Let’s demonstrate our clinical reasoning and surgical technique with the help of a case study, as follows.
Complicated cataract A 75-year-old patient had a cataract complicated by pseudoexfoliation syndrome with sub-optimally dilated pupil. The patient has been taking the drug tamsulosin for several years to treat benign prostate hyperplasia.
Because the patient’s zonules were loose and the lens was mobile during the capsulorhexis procedure, my strategy was to use the ring to address the small pupil and to stabilise the capsular bag.
To perform the continuous curvilinear capsulorhexis, we used the 23G Seibel capsulorhexis forceps (MST), which feature a sharp tip and a rhexis ruler to allow for visibility and control during the procedure.

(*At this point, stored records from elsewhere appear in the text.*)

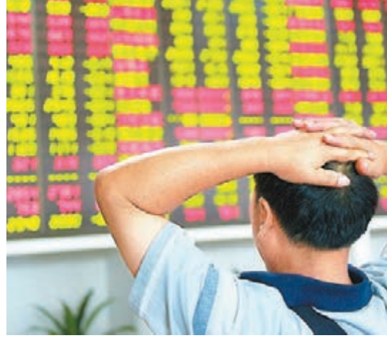
中石油在推進混合所有制改革方面邁出實質性一步。受此消息影響,油改股全線大漲。

香港文匯報訊(記者 裴毅 上海報導)推動周一反彈的新國九條刺激效應昨天未能持續,大市獲利回吐壓力明顯,滬深兩市昨震盪收跌。收盤上證綜指報2,050點,跌2點或0.10%;深成指報7,310點,跌7點或0.11%。創業板指報1,276點,跌0.16%。兩市分別成交737億元(人民幣,下同)和798億元,減少約一成。
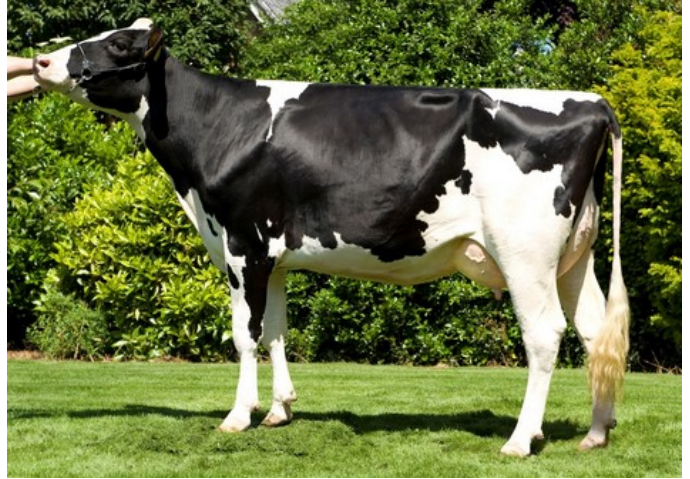
Giessen Cinderella 22 VG-85

VG-87 Bandares x VG-86 Kingboy x VG-87 Snowman x VG-85 Bolton x EX-91 Shottle x VG-89 Durham x EX-92 Encore x VG-88 Mark Cinder x EX-96 Tony x EX-94 Triple Threat
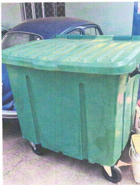
Contêiner urbano / lixeira
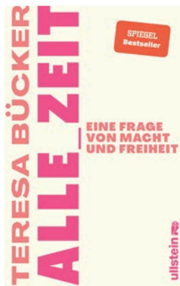
Alle_Zeit, von Teresa Bücker

Klappentext: Zeit ist die zentrale Ressource unserer Gesellschaft. Doch sie steht nicht allen gleichermaßen zur Verfügung. Teresa Bücker, eine der einflussreichsten Journalistinnen in Deutschland, macht konkrete Vorschläge, wie eine neue Zeitkultur aussehen kann, die für mehr Gerechtigkeit, Lebensqualität und gesellschaftlichen Zusammenhalt sorgt.
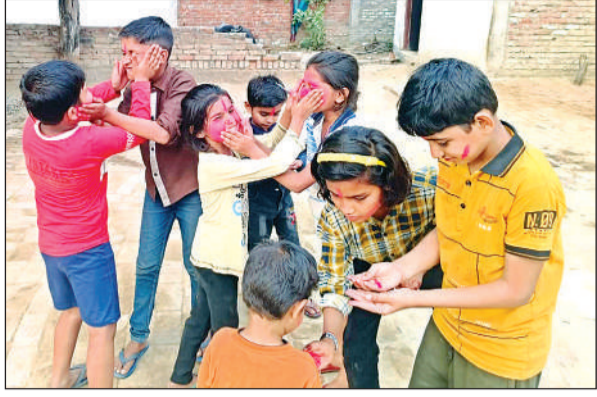
शिवली में रंग-गुलाल लगाकर होली खेलते बच्चे।

गांव-गांव हरियारों की टोलियां निकलीं और हर तरफ रंग बरसता रहा। होली पर सबसे अधिक
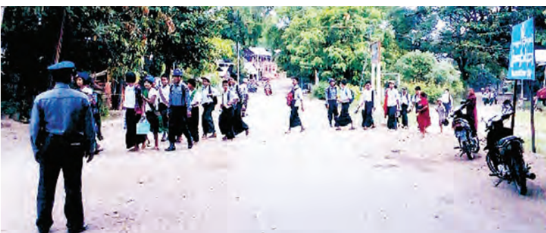
ဇွန် ၁၆ ရက်က မင်းဘူးခရိုင် ငပဲမြို့နယ်မှ ရဲတပ်ဖွဲ့ဝင်များ အခြေခံပညာအထက်တန်းကျောင်းနှင့် မူလတန်းကျောင်းများ၌ နေ့စဉ်ကျောင်းဆင်းချိန်နှင့် ကျောင်းတက်ချိန်များတွင် ကျောင်းသားကျောင်းသူများ ယာဉ်အန္တရာယ်ကင်းရှင်းရေးအတွက် ကြပ်မတ်ဆောင်ရွက်ပေးစဉ်။ သန်းနိုင်ဦး(ငပဲ)
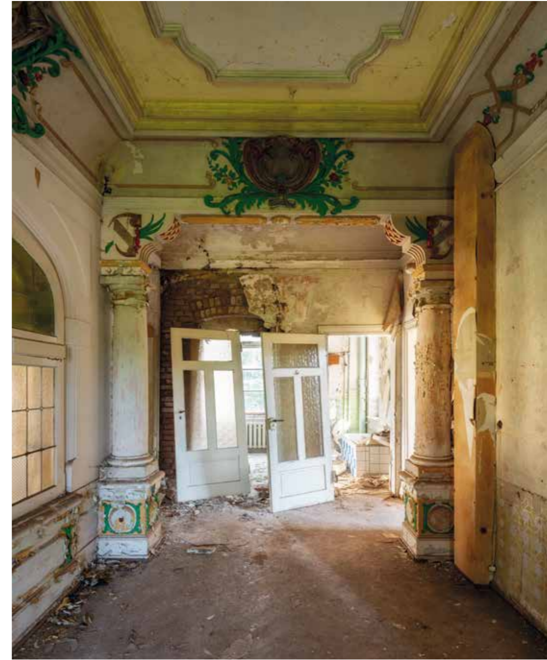
Manoir – Saxe – (2019)
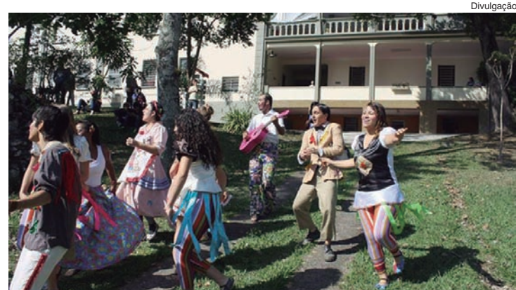
O espetáculo Giselle será apresentado em Três Lagoas
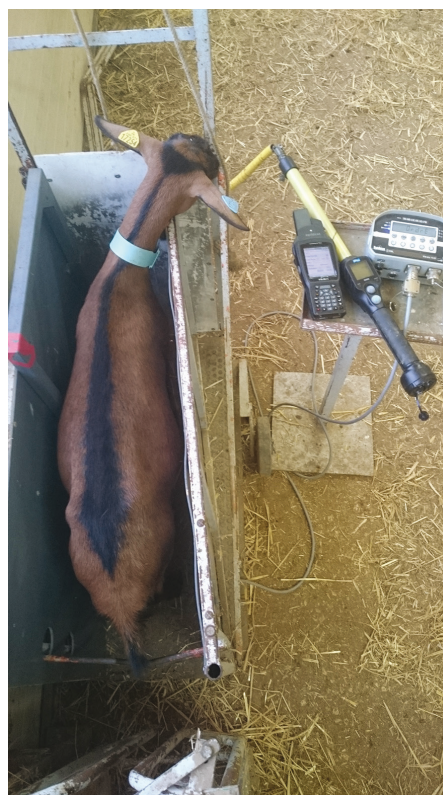
Figure 2. Les outils de saisie de données en situation sur l'élevage de l'UE Bourges (photos : T. Fassier).
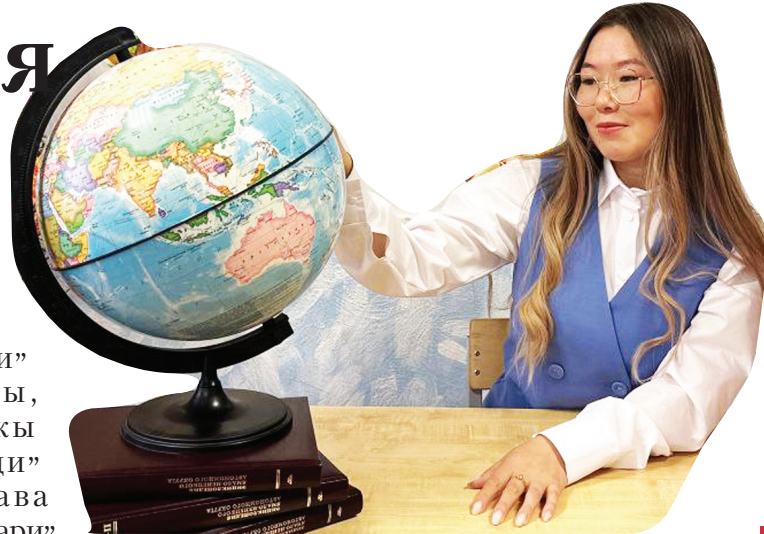
Сидяңг: Х. Вануйты тавы

тамини манзараңгуда"ма. Тарем' тасламбив, җацекеы тохоламбада манзаямда җули" савовна теневабата тара. Ңацекеыда сававна хамедамбаңгува. Хусувэй ялями нянда то"олха ни җа". Тикы манзая җули" иликабты. Тохоламбадини хуркари едэй җамгэхэ" тохоламбин". Пыдо' индо' ядан' тохолку". Саць саңговота сер" ни җа". Манзаянда савовна мима' еэмня ненэць' етри' харта тохолкобта тара.
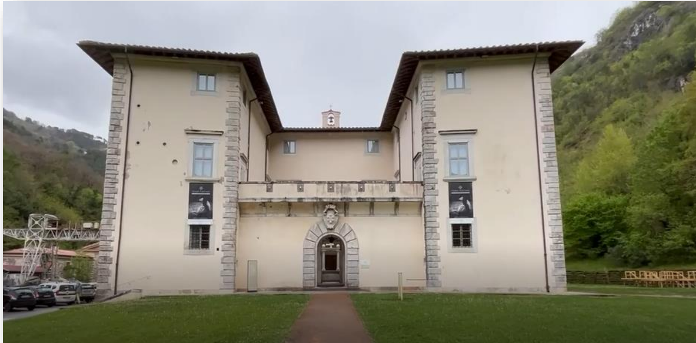
Villa Medicea di Seravezza (LU)
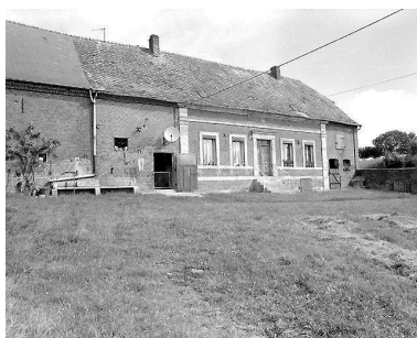
Logis de la ferme.
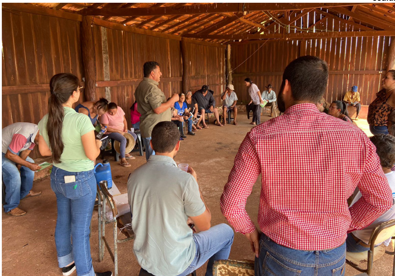
Encontro realizado no assentamento Nova Canaã

In many cases associated with a weak zonular apparatus, the lack of counter-traction on the capsule could unintentionally result in a smaller rhexis diameter.
A smaller rhexis may not only increase the risk of damage to the capsular edge during the procedure but may also cause capsular phimosis in the postoperative period.
Our approach was to use the ring to both stabilise the capsular bag and dilate the pupil, so I enlarged the rhexis to prevent the damage to the capsule that may occur while engaging the scrolls with the capsular edge.
The lens nucleus was fixed with the chopper to avoid excessive movement during the enlargement of the capsulorhexis. A 7.0 mm ring was inserted into the anterior chamber. We engaged the iris to support and enlarge it while simultaneously catching the edge of the anterior capsule with the scrolls of the device.
This was done bi-manually with the ring manipulator in one hand and the micro-hook retracting the capsular edge in the other hand. In these cases, you only need up to three scrolls for the fixation: if you try to use four scrolls, there might be too much stress placed on the capsule.
Because I was using the ring alone, I did not have the same stability at the capsular bag equator as with capsular hooks. Therefore, the area with the loose zonules needed to be carefully monitored.
One option is to continuously inflate the capsular bag with dispersive ophthalmic viscosurgical devices to create a viscoelastic cushion and prevent the aspiration of the capsule equator.
We then inserted the conventional capsular tension ring and was able to safely remove the last fragments of the lens by stabilising the capsular bag equator.
After removing the cortical material, I disengaged the scrolls of the ring from the rhexis and repositioned them to the iris to maintain pupil dilation. When the anterior capsule was released, we could implant a single-piece IOL in the capsular bag.
Finally, the ring was removed from the eye and triamcinolone acetonide suspension was injected into the anterior chamber to check for the possible presence of the vitreous strands.
Cases of complex small pupil cataract complicated by zonulopathy are particularly challenging. Surgeons need to carefully evaluate multiple factors, such as pupil size, rigidity of the iris, sphincter fibrosis and level of zonular weakness, among other considerations, to choose their strategy.
The Malyugin Ring 2.0 alone or in combination with capsule retractors helps alleviate complexities in these cases.